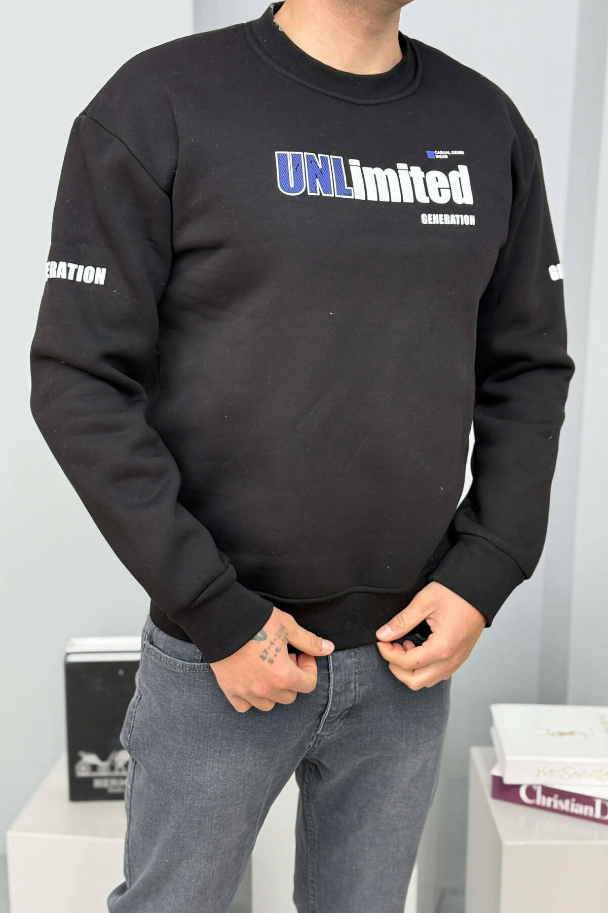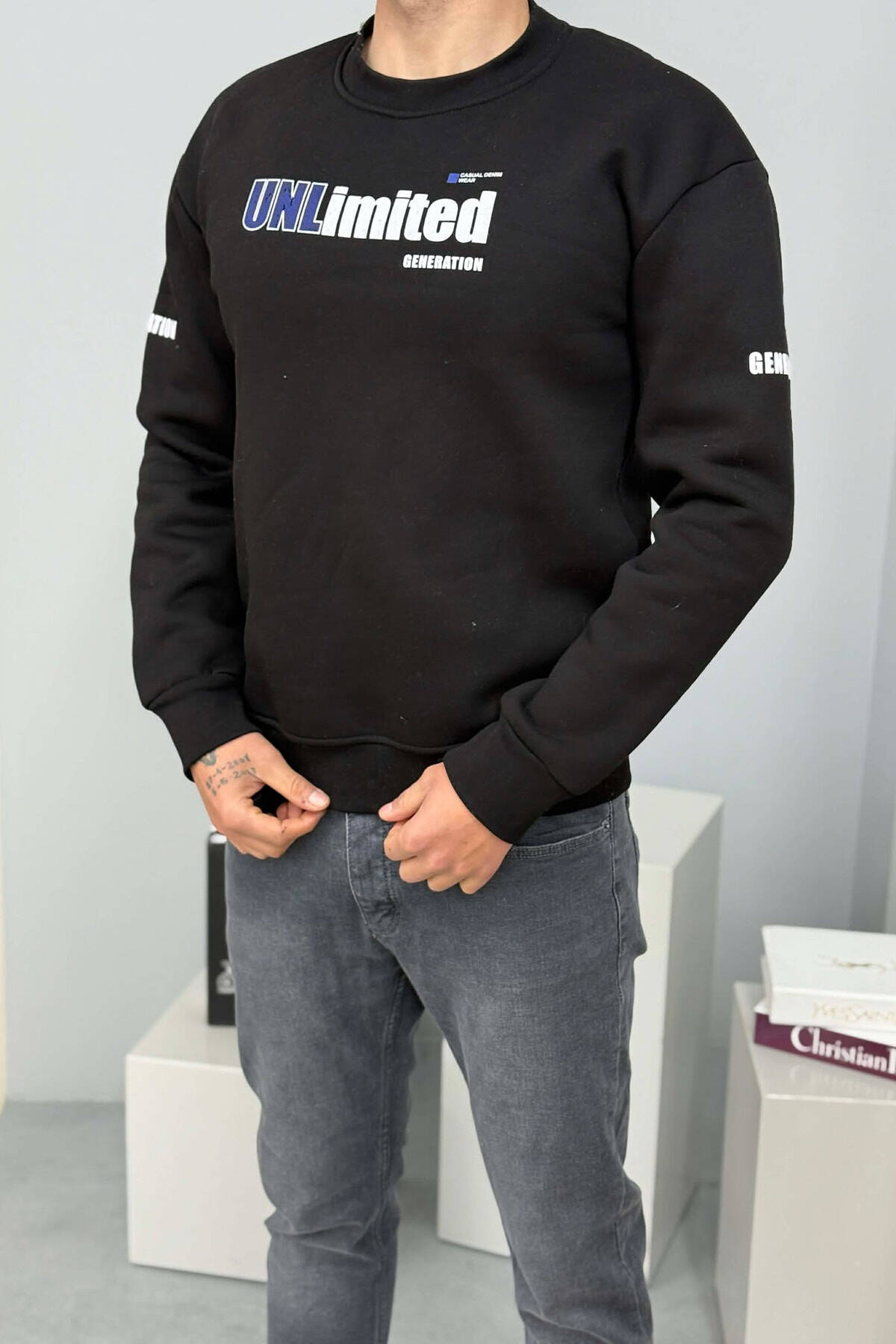 UNLIMITED WRITTING FLUFFY MEN SWEATSHIRT BLACK/ E ZEZE
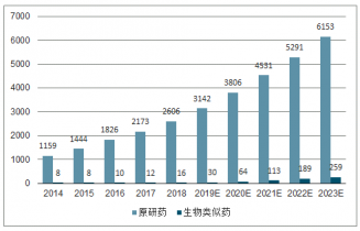 2014-2018 年我國生物藥市場規(guī)模從 1167 億元增至 2622億元,復(fù)合增長率 22.4%,增速遠(yuǎn)高于全球水平,預(yù)計 2023 年將增長至超過 6000億,而其中抗體藥物增速最快,從 2014 年的 74 億增長至 2018 年的 160 億,預(yù)計2023 年有望達(dá)到 1500 億的市場規(guī)模。
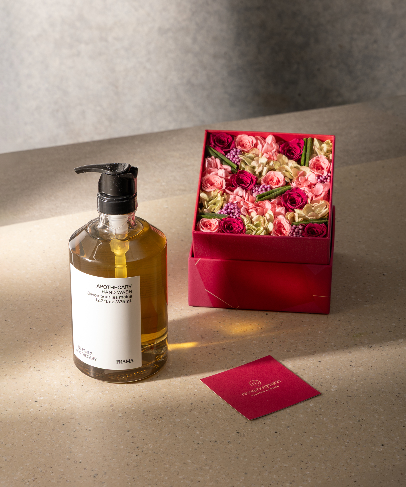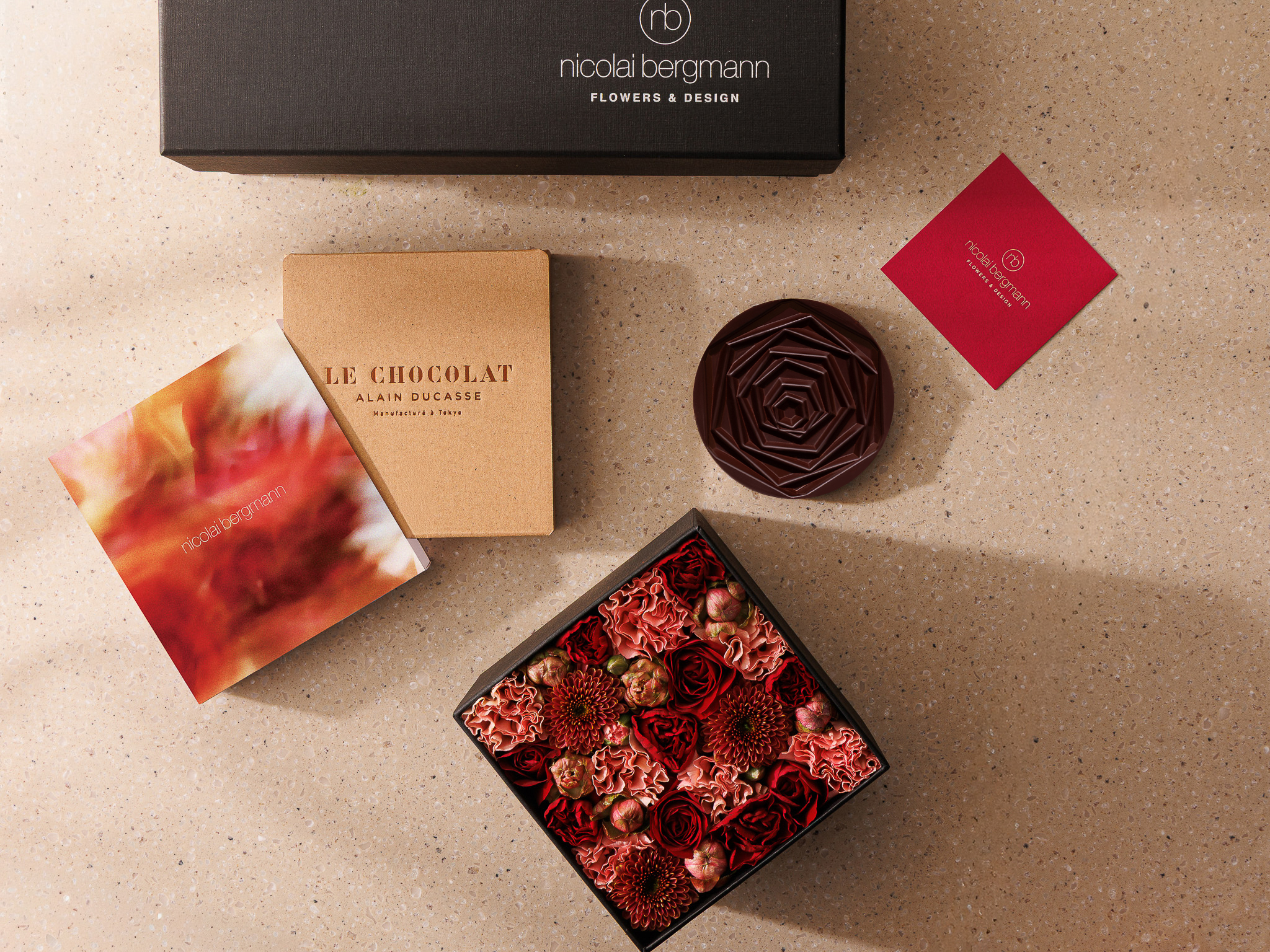 さらに、〈Le Chocolat Alain Ducasse(ル・ショコラ・アラン・デュカス)〉、〈FRAMA(フラマ)〉とのギフトセットも展開。〈Le Chocolat Alain Ducasse〉のオリジナルショコラ「ローズ・マンディアン ノワール」や〈FRAMA〉のハンドウォッシュとフラワーアイテムを組み合わせた特別なセットも登場します。
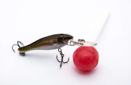 Artificial bait for fishing on white background.
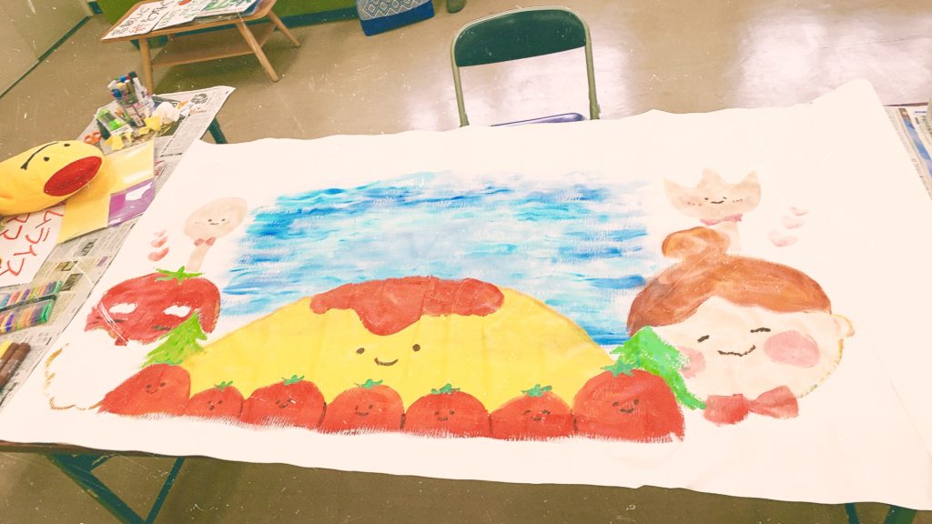 横断幕いっぱいに日高村の青空とオムライス、そしてトマトの神様を描きました!
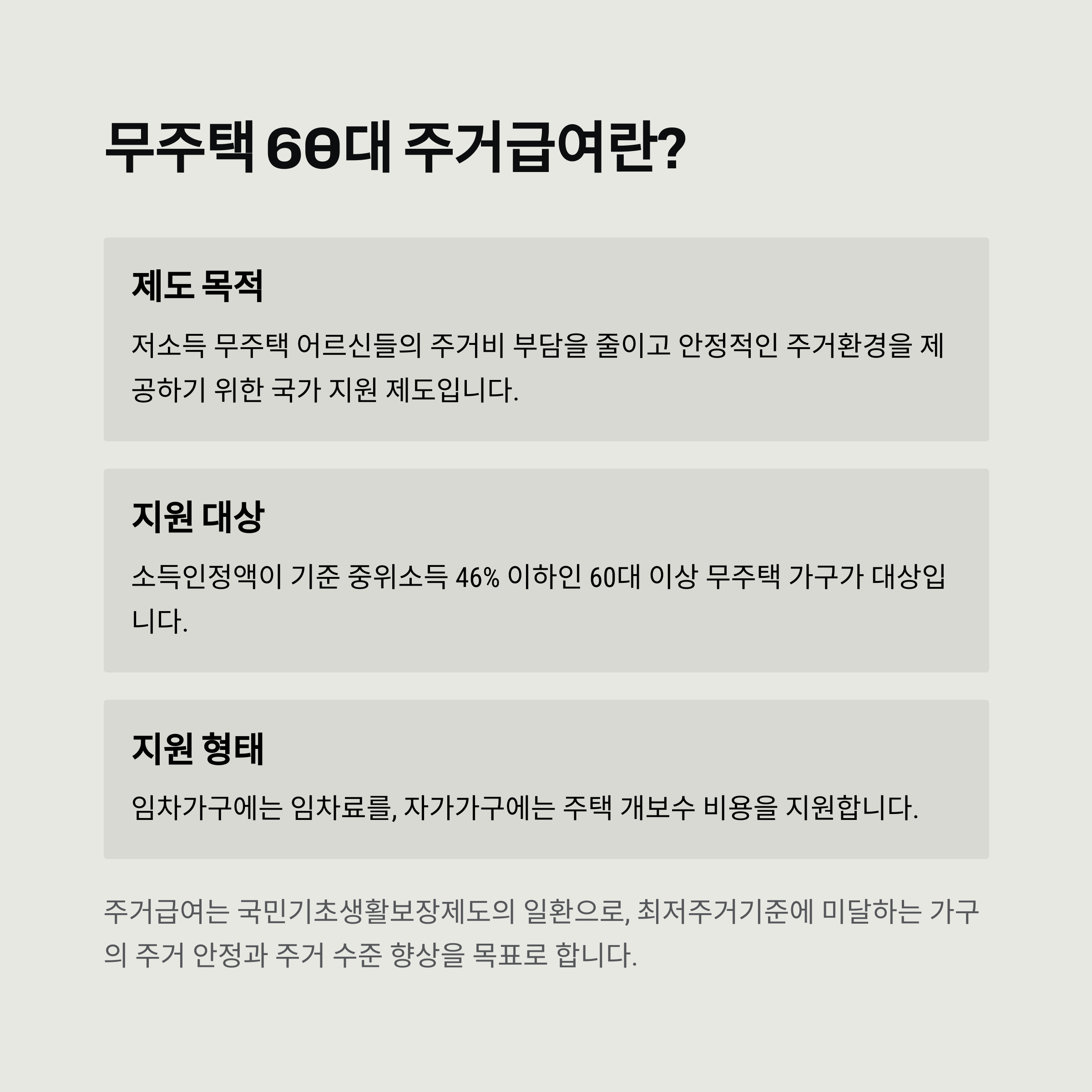 주거급여는 정부에서 저소득층 가구에 대해 주거비 일부를 보조해주는 제도예요. 그중에서도 60세 이상 무주택 고령자에게는 더욱 집중된 지원이 이루어지고 있어요. 이는 국민기초생활보장제도의 일환으로, 보건복지부에서 시행하고 있답니다.
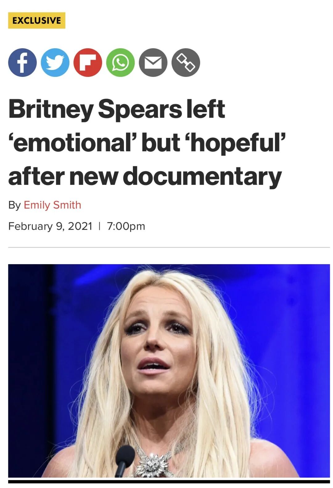 其实,布兰妮自己也看了这部关于自己的纪录片。她看完后情绪激动,但同时她也重燃了“自己最终能从父亲恶毒控制中解脱出来”的希望。
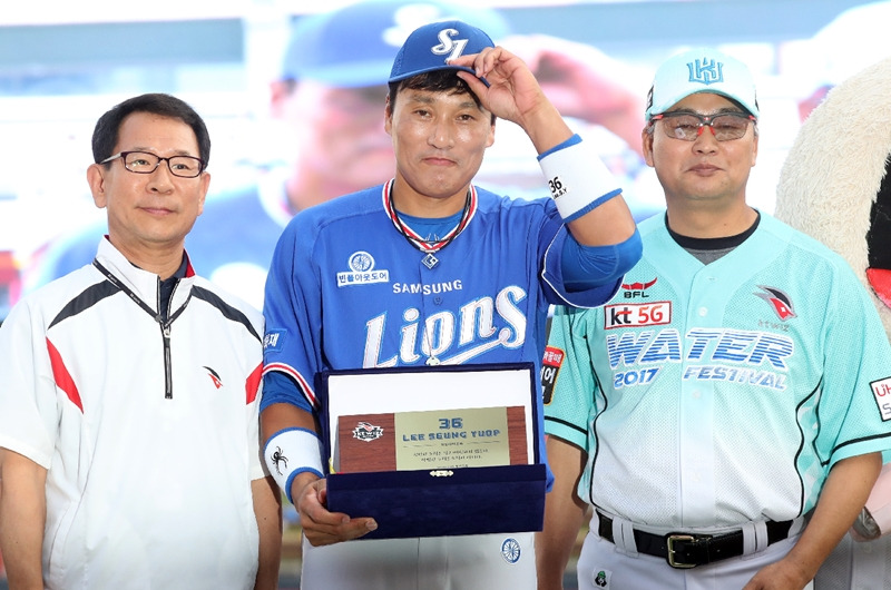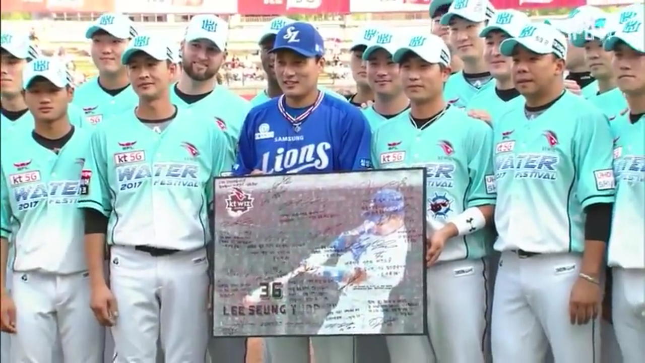 두 번째는 18일 수원 KT전이었는데요, 이날은 이승엽의 생일이기도 해서 KT위즈파크 성적도 현판에 새겼고 주장 박경수가 사진 508장을 모자이크로 만든 기념사진 액자를 선물했죠.
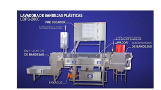La lavadora de bandejas de plástico Yamasa LBPS-2800 tiene un funcionamiento sencillo y práctico para lavar las bandejas utilizadas para el transporte de huevos en la granja.

---*---

- [AIM OF THE TASK]
Return the lines from the one containing "横断幕いっぱいに日高村の青空とオムライス、そしてトマトの神様を描きました!" through the last line of the records, both included, exactly as written and with no pictures.

- [TASK RESULT]
 横断幕いっぱいに日高村の青空とオムライス、そしてトマトの神様を描きました!
 주거급여는 정부에서 저소득층 가구에 대해 주거비 일부를 보조해주는 제도예요. 그중에서도 60세 이상 무주택 고령자에게는 더욱 집중된 지원이 이루어지고 있어요. 이는 국민기초생활보장제도의 일환으로, 보건복지부에서 시행하고 있답니다.
 其实,布兰妮自己也看了这部关于自己的纪录片。她看完后情绪激动,但同时她也重燃了“自己最终能从父亲恶毒控制中解脱出来”的希望。
 두 번째는 18일 수원 KT전이었는데요, 이날은 이승엽의 생일이기도 해서 KT위즈파크 성적도 현판에 새겼고 주장 박경수가 사진 508장을 모자이크로 만든 기념사진 액자를 선물했죠.
La lavadora de bandejas de plástico Yamasa LBPS-2800 tiene un funcionamiento sencillo y práctico para lavar las bandejas utilizadas para el transporte de huevos en la granja.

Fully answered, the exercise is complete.